I know some of the forum members have done this and it worked, so I'm trying to figure out where
I went wrong.

Cheers,

Mike


----------



## rusty (Aug 15, 2013)

924T said:


> A while back I bought a new electric skillet, put 3/4 inches of sand in it, dialed it up to maximum heat, let it
> heat for 45 minutes with the lid on, put some small circuit boards in it to melt the solder to depopulate them and let them
> 'cook' for 30 minutes (with the glass lid on),
> 
> ...



Did you expect that the melted solder would fall away on its own or did you pick the boards up turning them on edge giving each a quick bump on the edge.


----------



## 924T (Aug 15, 2013)

rusty,

I pulled the boards out with a pair of pliers and whacked them on the lip edge of an old galvanized
steel bucket so hard that I dented the bucket.

Cheers,

Mike


----------



## rusty (Aug 15, 2013)

melt temp various solder alloys


----------



## NobleMetalWorks (Aug 15, 2013)

The method you are attempting to use, is called heat transfer. The heat is transferred from your heat source, to the skillet, to the sand, to the solder. Each time heat is transferred, you loose some heat (entropy). So your electric skillet will have to get hot enough so that you can loose some heat during the transfer of energy, so that you are left with enough heat to melt the solder.
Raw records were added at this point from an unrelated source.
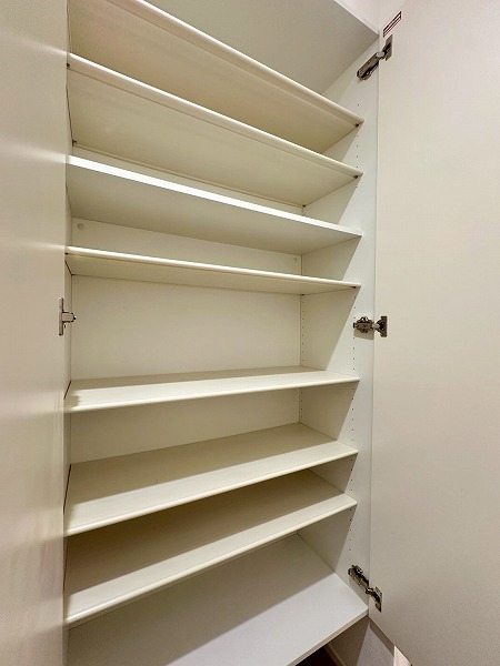 木目とホワイトが調和した、あたたかみのある玄関スペース。大容量のトールタイプシューズボックスは収納力抜群です。姿見付きになっており、お出かけ前の身だしなみチェックもスムーズで、機能性とデザイン性を兼ね備えていますよ。
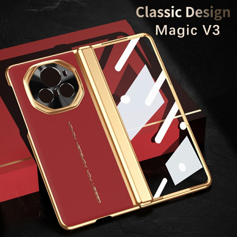 Descubre nuestra elegante funda para el Honor Magic V3 5G. Combinando protección y estilo, ofrece una protección completa con cristal templado integrado, un marco de aleación de lujo y un acabado de cuero PU de alta calidad. Su sofisticado diseño y su protección contra impactos la convierten en el accesorio perfecto para tu smartphone.
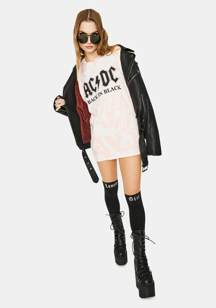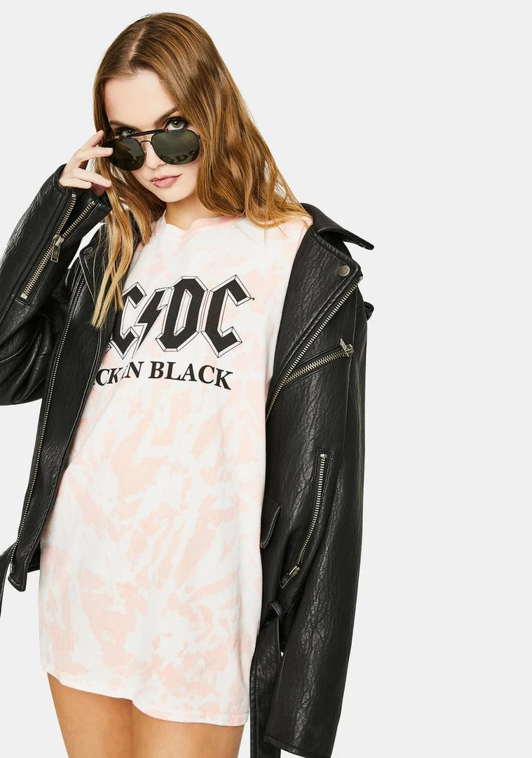 cuz you look like one of those rock guys girlfriends. This short sleeve graphic tee has a tie dye print and the AC/DC logo printed on the front.
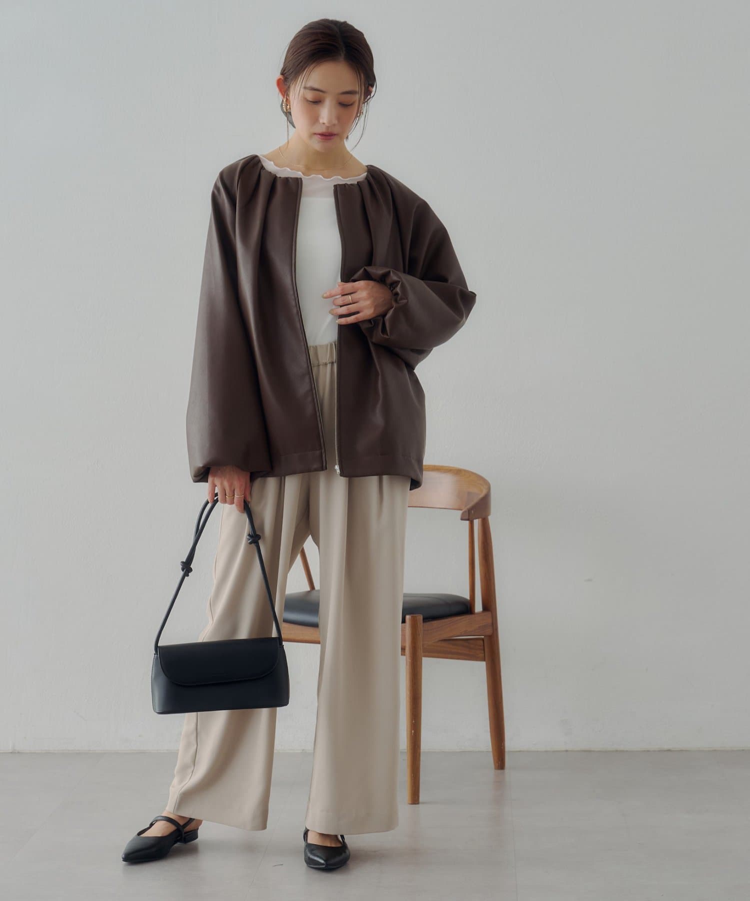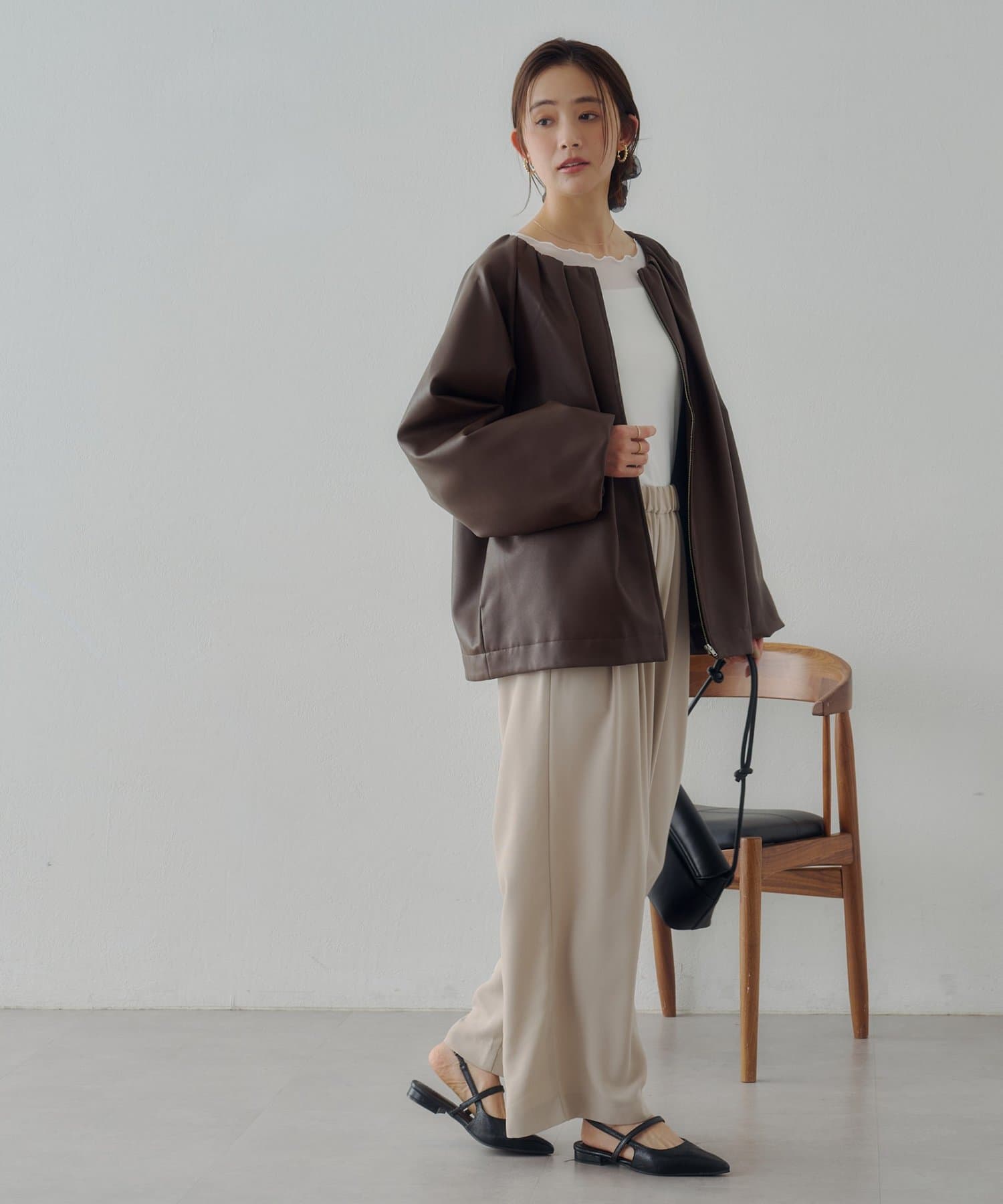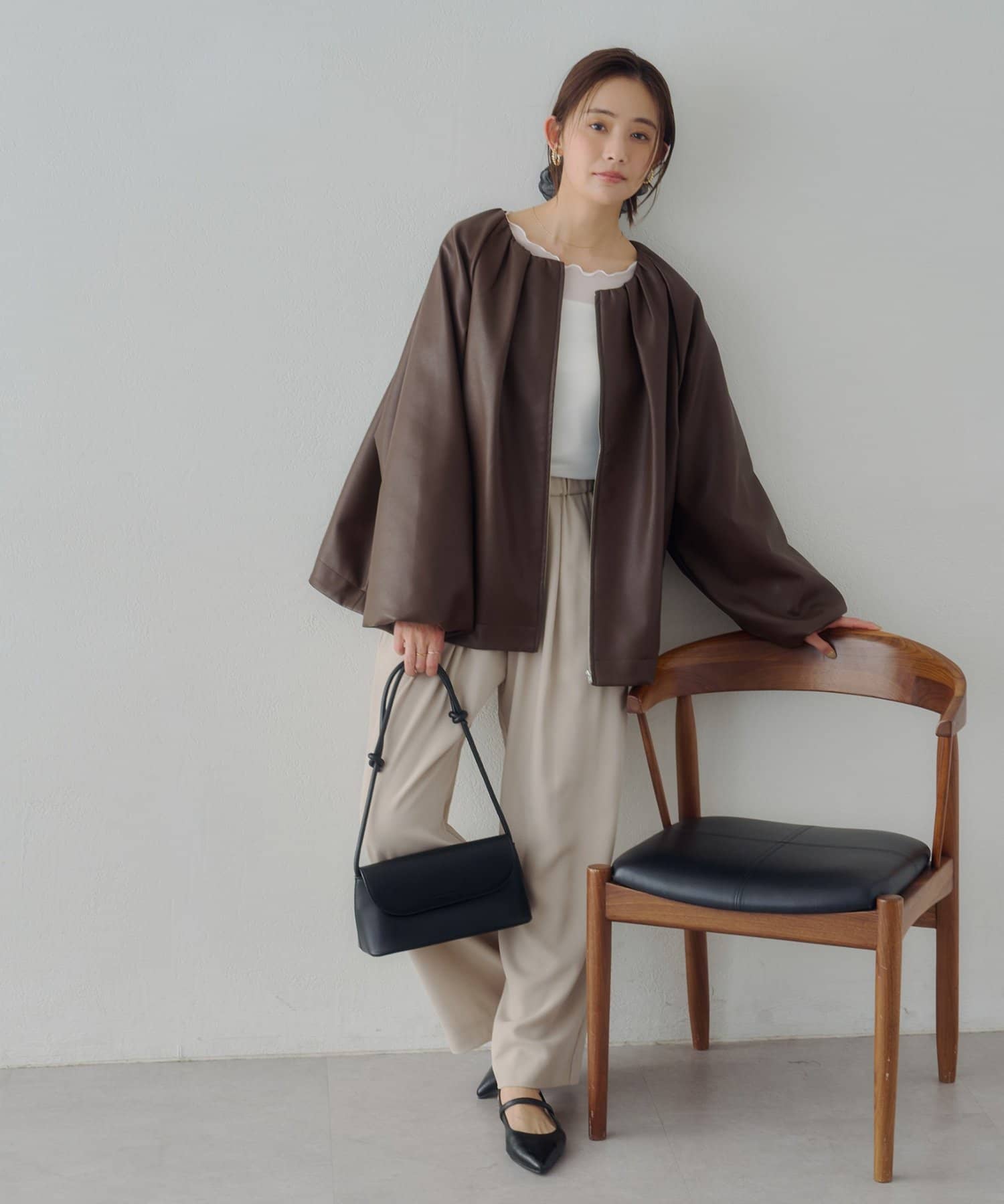・ノーカラーにしたことで、顔回りはすっきり見えが叶います。

Also, you must make contact between the sand and the solder in order for the heat to be transferred properly.

This sand must be of a type that not only transfers heat, but also retain enough heat so that when it transfers at the point of contact, it still has enough heat to melt the solder.

Scott


----------



## Geo (Aug 15, 2013)

an electric skillet only reaches the lower limit to melt solder. reduce the amount of sand to about a quarter of an inch and dont worry so much about covering the top. better to put aluminum foil around the outside from the top lip of the skillet all the way to the table top. this way, the wind and breezes can not blow under the skillet, cooling it from the bottom. a good tell for when the solder melts is all the exposed solder will suddenly go very shiny with a mirror like surface. heating the entire board slowly is dangerous on a couple of different points. besides the organic vapors, some of the components contain oil and resins and can explode when overheated sending hot material flying in all directions. its best to apply enough heat to heat the board quickly. enough time to melt the solder but not enough to heat the components. electrolytic capacitors will explode if overheated.


----------



## 924T (Aug 15, 2013)

Geo,

I've cleaned up the mess quite a few times from 'blown' electrolytic capacitors----I used to rent out
p.a. systems, and disc jockeys (dj's) were invariably the roughest on my equipment.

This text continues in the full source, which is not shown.